Inside CPython’s obmalloc: How the Small Object Allocator Avoids the System Heap
Jump to: What exactly does obmalloc manage, and what falls through to system malloc? · How are arenas, pools, and blocks structured inside CPython? · What happens on the allocation fast path? · How does the free path decide when to return memory to the OS? · How does pymalloc compare to system malloc in practice? · When does it make sense to bypass obmalloc entirely?
CPython allocates hundreds of tiny objects every second — integers, strings, tuples, function frames — and nearly all of them are smaller than 512 bytes. Routing every one through malloc() would work, but it would be slow: the system allocator must handle arbitrary sizes, so it adds per-block metadata, size headers, and locking that Python’s workload doesn’t need.
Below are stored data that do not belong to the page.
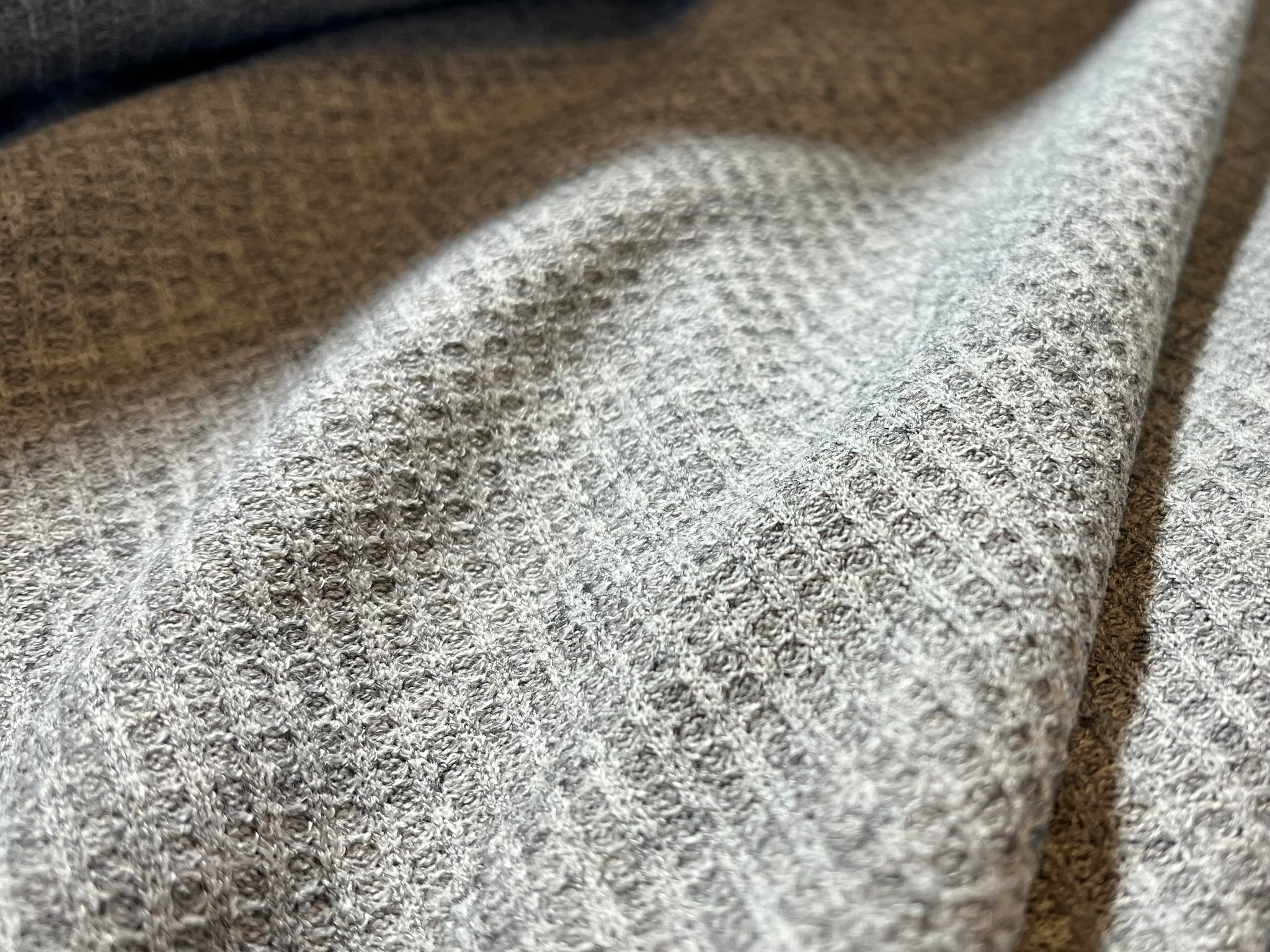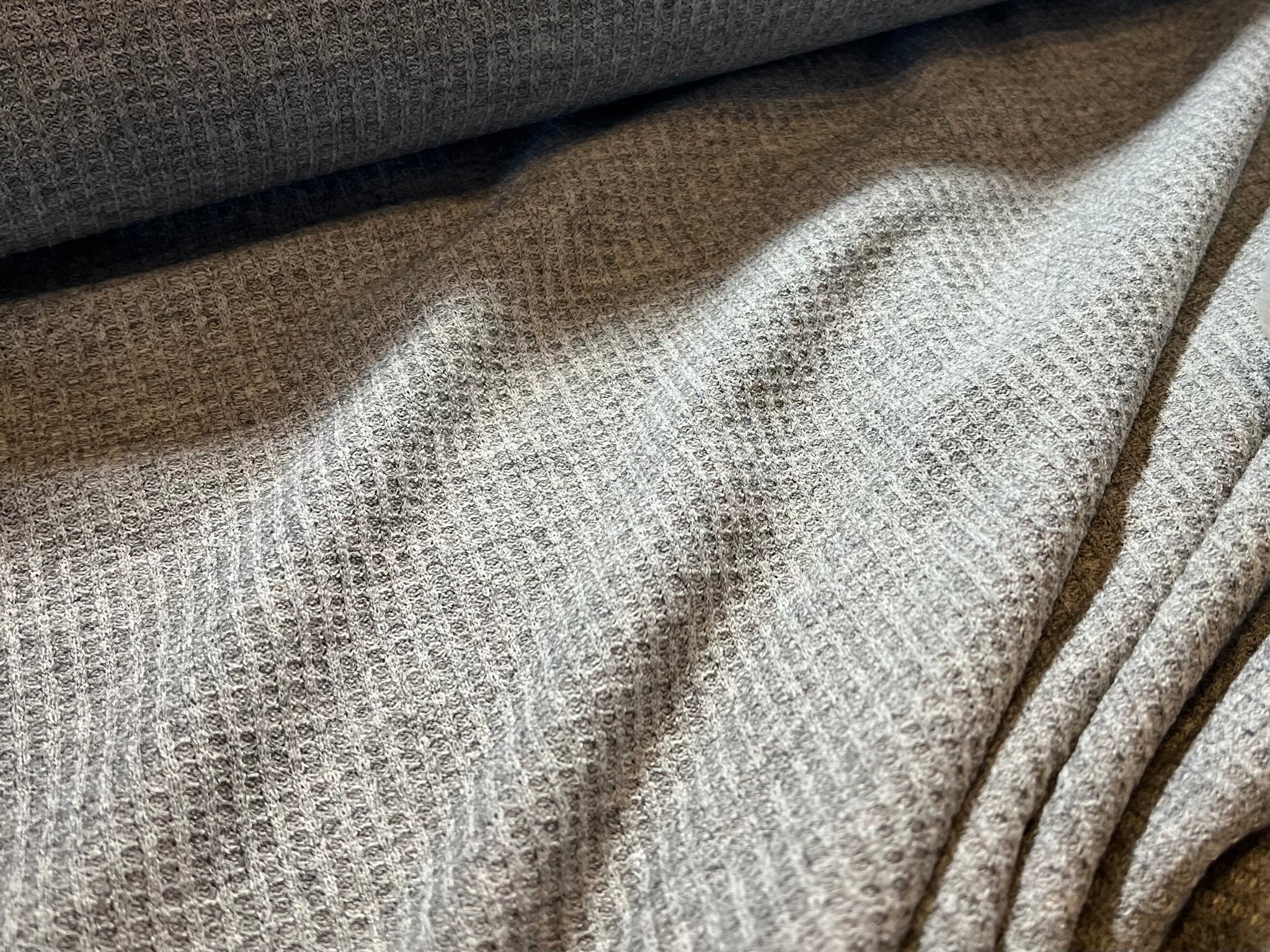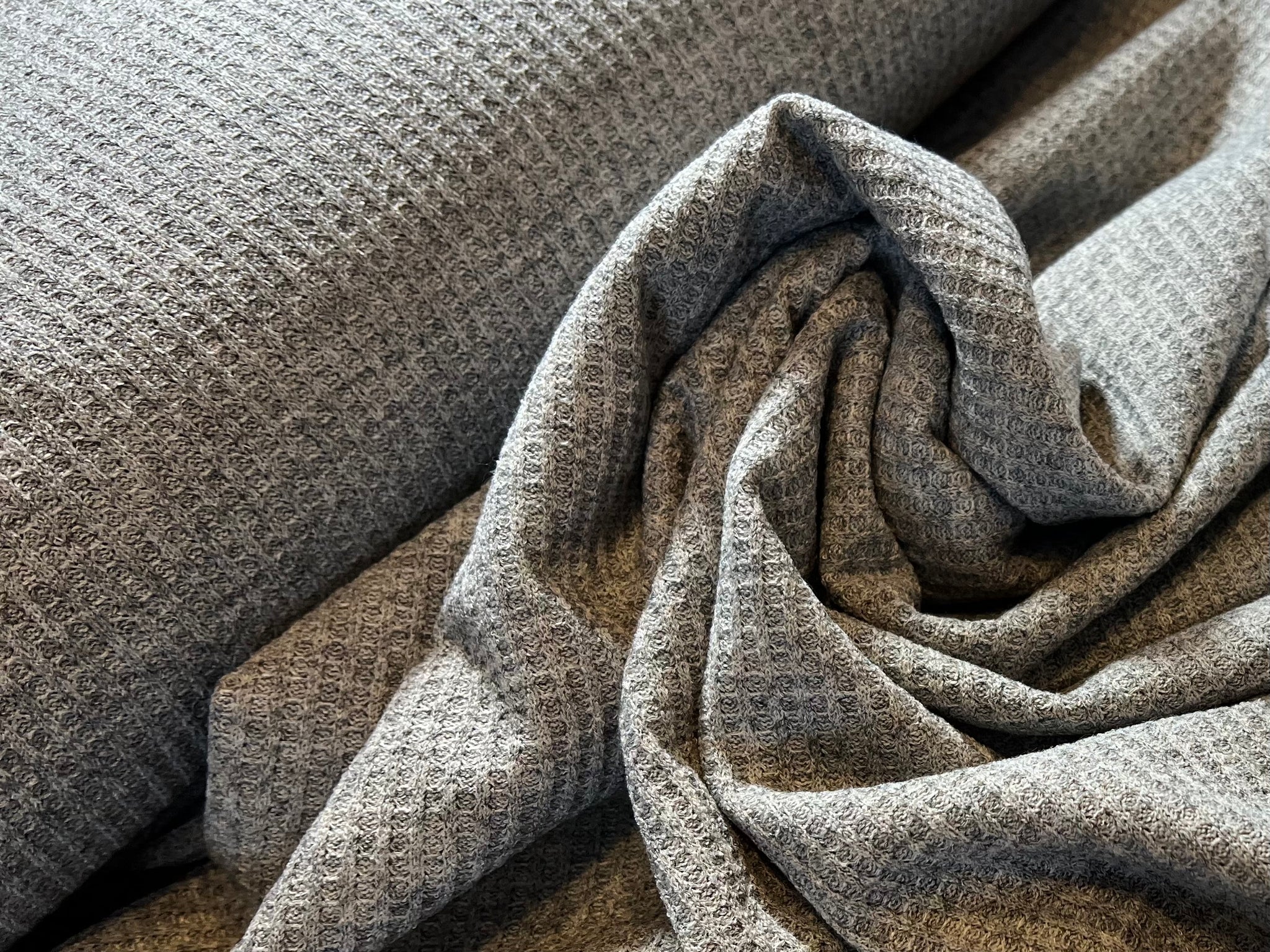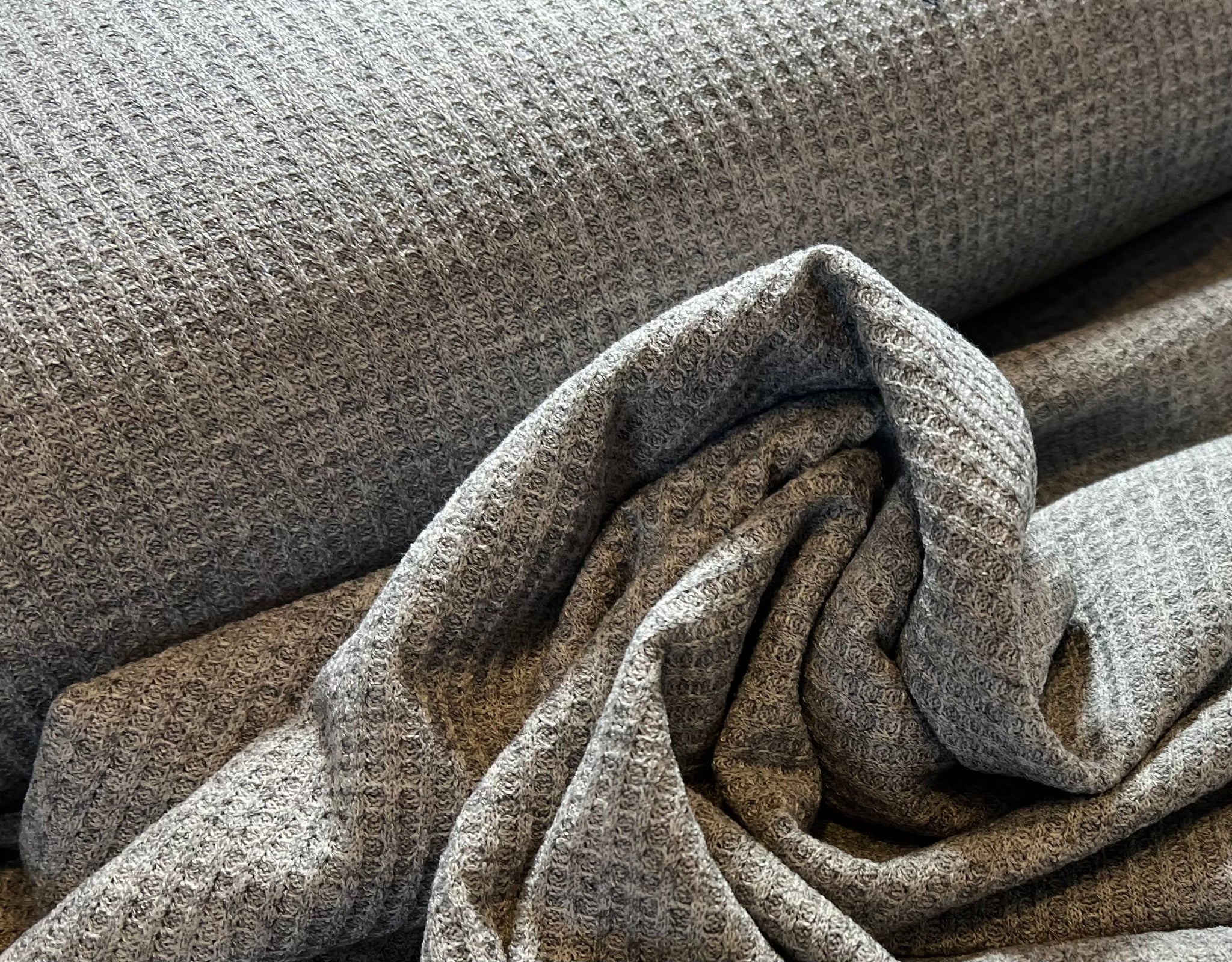 This Waffle Knit fabric is perfect for making casual clothing such as tops, dresses, loungewear, and activewear, as well as accessories like headbands and scarves. Because of its weight and one way stretch, you could also make pajamas or Bath robes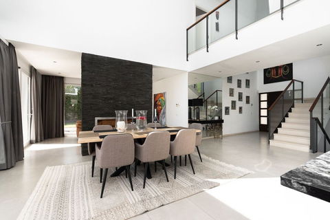 The villa is tastefully decorated and filled with natural light throughout. The double-height ceilings in the entrance hall and dining area create an enhanced sense of space and elegance.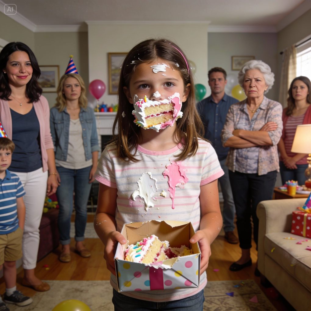 At my daughter’s 7th birthday party, my sister unexpectedly smeared the cake straight in her face. “Happy birthday! Surprise!” she yelled. My mother laughed loudly: “That’s hilarious!” My daughter stood still, her face covered in cake cream. Then she looked at me and said: “Mom, can I show everyone the present now?” Their smiles froze instantly.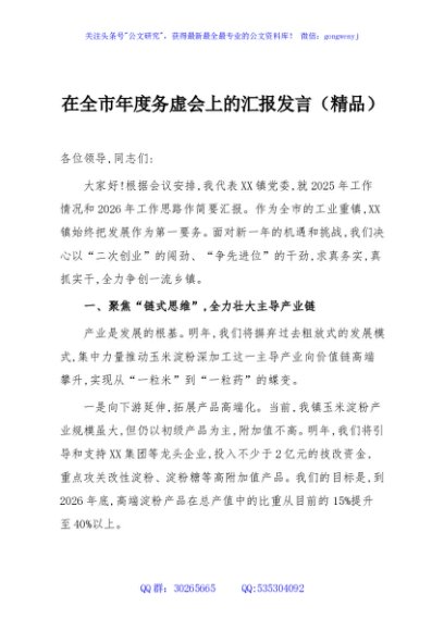 / 在全市年度务虚会上的汇报发言(精品)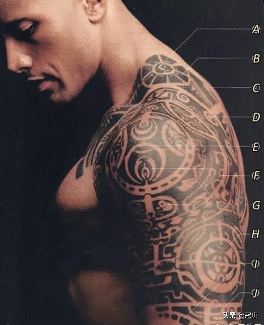 巨石强森,一个强大、有力量的名字,有非常多经典的电影,而且都是硬汉正义的形象,而相比他的力量与摔跤技能,自身的纹身似乎更具趣味性。

The solution, living in Objects/obmalloc.c in the CPython source tree, is a three-tier private heap — arenas, pools, and blocks — that handles every small allocation without touching the system heap at all.
SMALL_REQUEST_THRESHOLDis 512 bytes — any single allocation above this bypasses obmalloc entirely- Requests are rounded up to the nearest multiple of 8 bytes and routed to the appropriate size class, covering the full 1–512 byte range
- Memory is carved into 256 KB arenas, 4 KB pools within arenas, and fixed-size blocks within pools
- Only whole arenas can be returned to the OS; individual pools and blocks cannot
- Free-threading builds (Python 3.13+) add per-thread state to reduce lock contention on the allocator
What exactly does obmalloc manage, and what falls through to system malloc?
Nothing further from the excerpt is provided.